Unpublished Op-Ed

Mark Kleiman and I wrote this in February 2017, but never had it published. I thought that it might be worth posting at this time.

Some Words of Advice for Federal Employees

Receiving directives inconsistent with good government – if not worse – creates one of the most difficult situations a civil servant can face. As former Justice Department staffers, we have some advice to offer Federal employees when such situations arise, as they seem likely to do often under the current regime.

1.       When told to implement a policy that is counter to statute, regulation, or the stated and authorized goals of the agency, take good notes; such directives rarely come in writing. Then go back to your office and write down your understanding of the recommended policy, making sure you have correctly described what you were told. Then send that account as a memo to your superior.

2.       Whether or not you receive a reply, follow up with a detailed list of issues and concerns, both pro and con, involved with proposed policy or action. Describe them in full context and cite the relevant legislation, executive orders, and constitutional issues. Send that, too, up the chain of command.

3.       You may also be at the receiving end of threats or other problematic situations that are meant to intimidate you. Write a memo to yourself and share it with a trusted friend as soon as possible, to establish a time line.

4.       Do not use your office phone or computer (or cell phone while in the office) for personal reasons, least of all to complain about these situations, as this may open you up to attack. If your agency expects you to be available for phone calls and text messages around the clock, get a cell phone that you use only for official business. You might want to use a text messaging app that encrypts the message, and ask your recipients to do the same.

5. Maintain a contemporaneous, written log on a ruled ledger with a sewn binding, so removal of any page will show. Enter every meeting, call, and significant email on successive lines in ink, leaving no spaces. Fill in any space on the right with a slash, so nothing can be added. Note the date, time, attendees, subject, and conclusions. Absent minutes, no one else will remember what happened a day later, so your record will become dispositive. This approach, laborious though it is, can provide valuable protection for anyone from a GS-1 to a cabinet officer.

6. If you decide to talk to a reporter, get the ground rules clear first. “On background” means you can’t be identified, but your agency can; “deep background” means that even your agency isn’t mentioned.  Any communication to the press about official business not previously cleared by your agency’s public information office will probably put you out of bounds; consider whether you’re willing to take the consequences. If you’re later asked about whether you were the source of a story, either tell the truth (and be prepared to find a new job) or refuse to answer.

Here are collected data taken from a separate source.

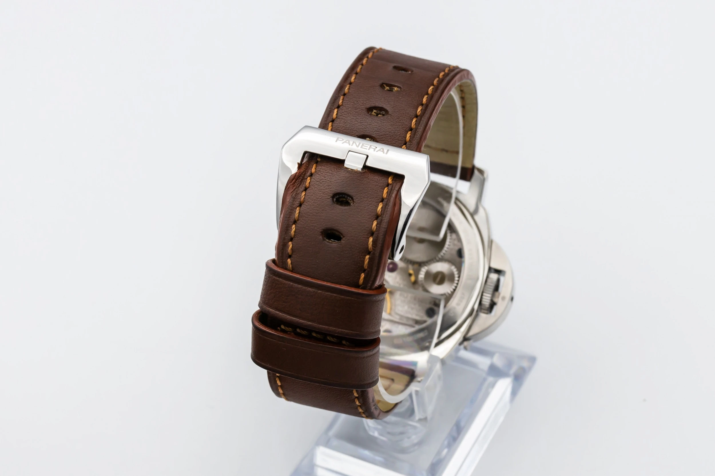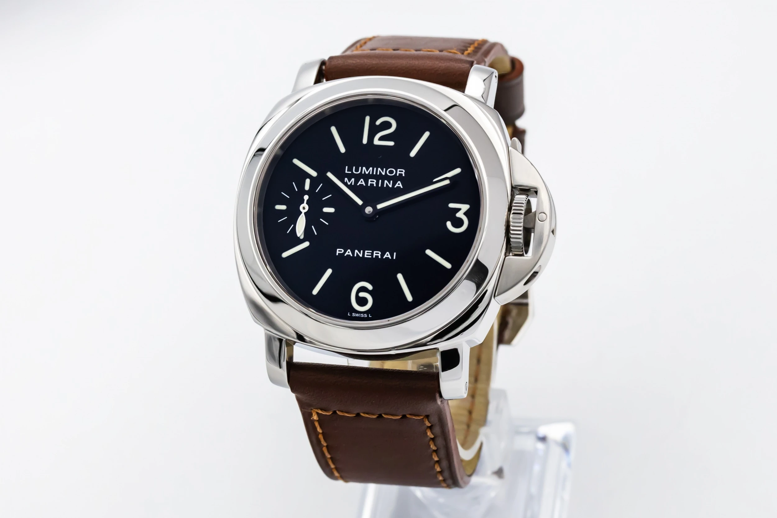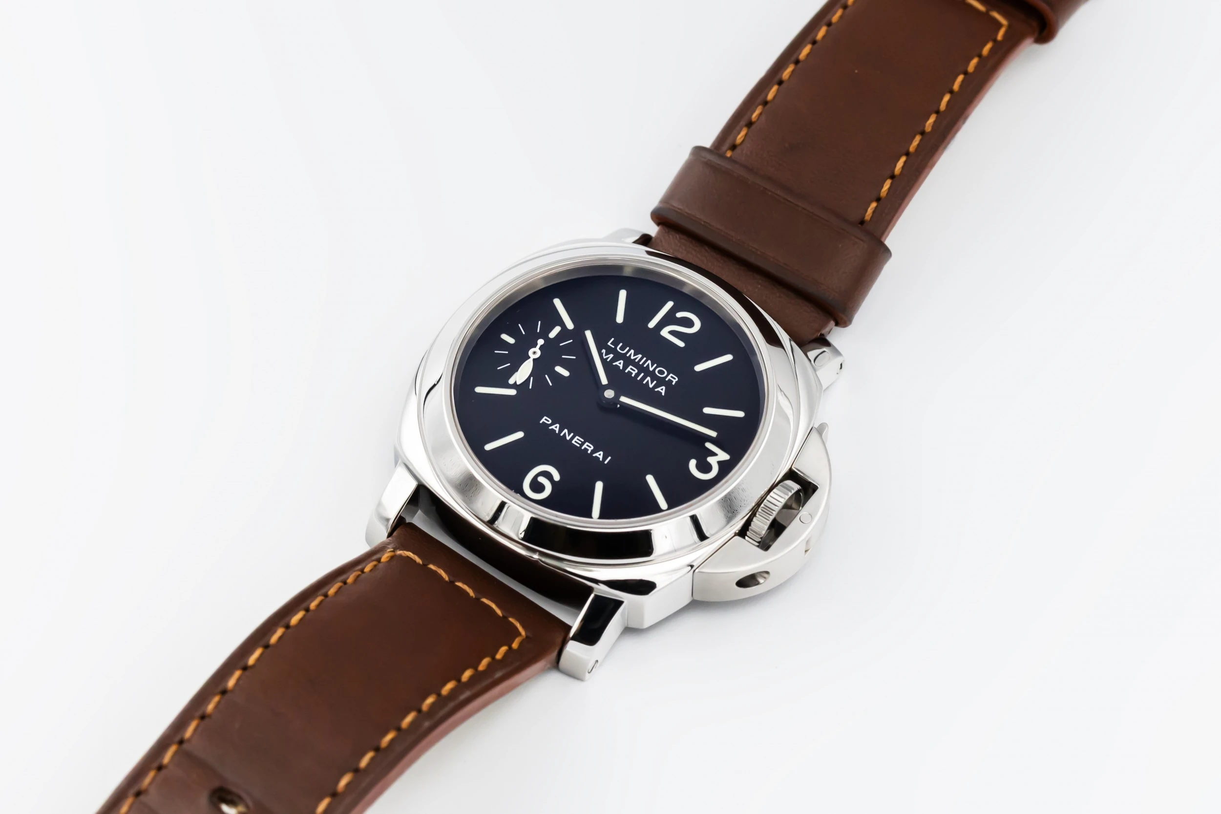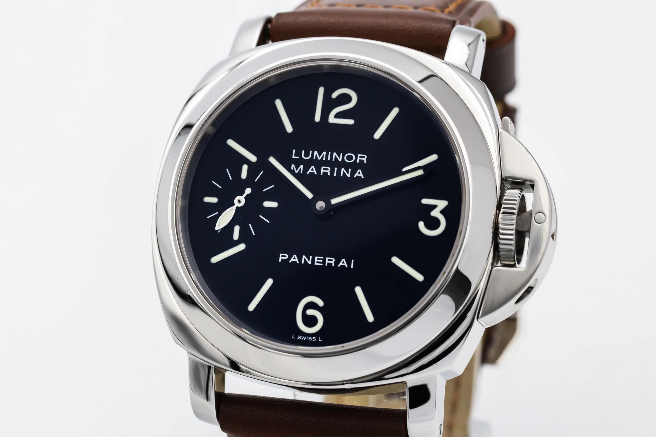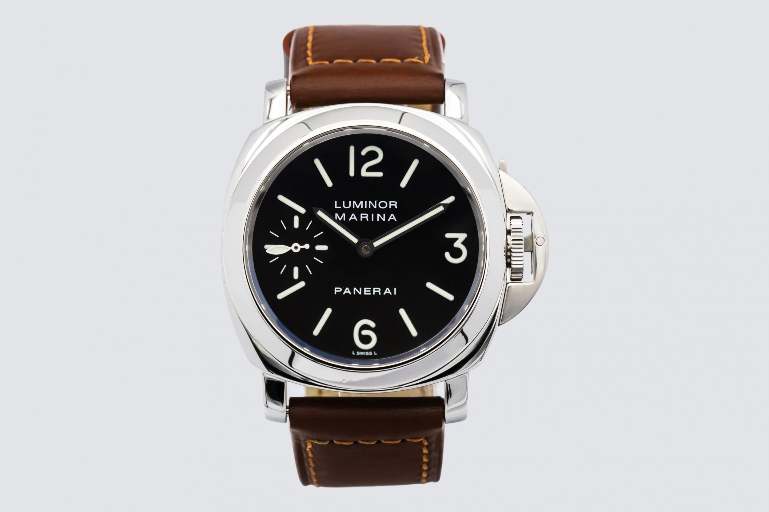 This 2015 Panerai Luminor Marina 44mm presents the brand’s signature cushion-shaped stainless steel case paired with a rich brown leather strap that enhances its rugged yet refined character. The classic black sandwich dial features large luminous Arabic numerals and markers, strong baton hands, and a small seconds sub-dial at 9 o’clock — all designed for exceptional legibility.
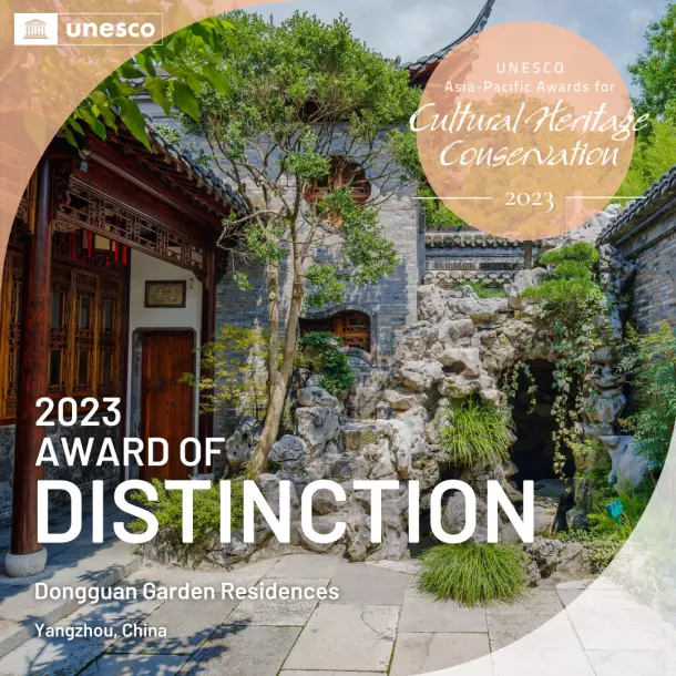 亞太文化遺產保護獎是由聯合國教科文組織發起的區域性獎項,旨在表彰亞太地區個人及公私部門在保護或恢復區域具有遺產價值的建筑、場所和不動產方面取得的成就,以鼓勵個人參與及公私合作,保護本地區的文化遺產,造福今世后代。2023年12月21日,揚州城控集團申報的“揚州東關街園宅保護與傳承復興項目”從亞太地區8個國家48個參賽項目中脫穎而出,斬獲聯合國教科文組“2023年度亞太文化遺產保護獎杰出獎”,是中國唯一獲得“杰出獎”的文保項目。聯合國教科文組織在項目評審語中寫到“東關歷史文化街區是傳統文化與當代景觀設計的完美結合,為亞太地區古典園林保護及活化利用提供了重要參考”。
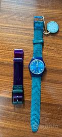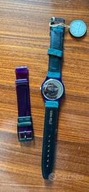 Orologio Immersion Stendardo firmato Enzo Maiorca vintage anni 90. Quadrante blu con bandiere nautiche , movimento al quarzo, resistente all’acqua 50 mt. Doppio cinturino in pelle blu effetto squamato e in plastica viola. Completo di confezione e libretto, mai indossato. Perfettamente funzionante con pila nuova. Per collezionisti e appassionati orologi vintage
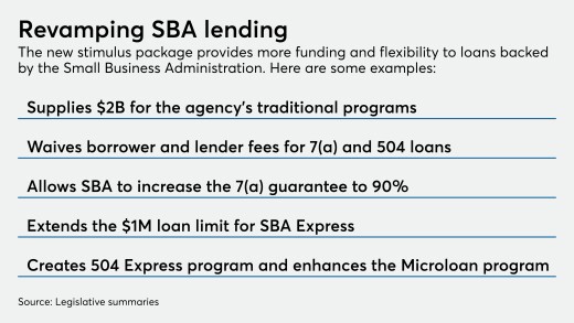 The legislation allows the Small Business Administration to waive fees and raise the guarantee for 7(a) and 504 loans, which could encourage more small businesses to apply for loans as the economy recovers.

There are already reports that White House Chief Strategist Steve Bannon has taken steps to erase the paper trail behind various Executive Orders. All the more reason for career civil servants and the political appointees more loyal to the country than to the ruling cabal to make as much of a record as possible.

Michael Maltz is Emeritus Professor of Criminal Justice and of Information & Decision Sciences at the University of Illinois at Chicago. He was a research analyst with the National Institute of Law Enforcement and Criminal Justice during the Nixon administration and had to deal with some questionable directives.

Mark Kleiman was Professor of Public Policy at the New York University Marron Institute of Urban Management. He served as Director of Policy and Management Analysis for the Criminal Division in the Carter and Reagan Administrations, never receiving an improper order.

Author: Mike Maltz

Michael D. Maltz is Emeritus Professor of Criminal Justice and of Information and Decision Sciences at the University of Illinois at Chicago. He is currently an adjunct professor of sociology at the Ohio State University His formal training is in electrical engineering (BEE, Rensselaer Polytechnic Institute, 1959; MS & PhD Stanford University, 1961, 1963), and he spent seven years in that field. He then joined the National Institute of Law Enforcement and Criminal Justice (now National Institute of Justice), where he became a criminologist of sorts. After three years with NIJ, he spent thirty years at the University of Illinois at Chicago, during which time he was a part-time Visiting Fellow at the US Bureau of Justice Statistics. Maltz is the author of Recidivism, coauthor of Mapping Crime in Its Community Setting, and coeditor of Envisioning Criminology.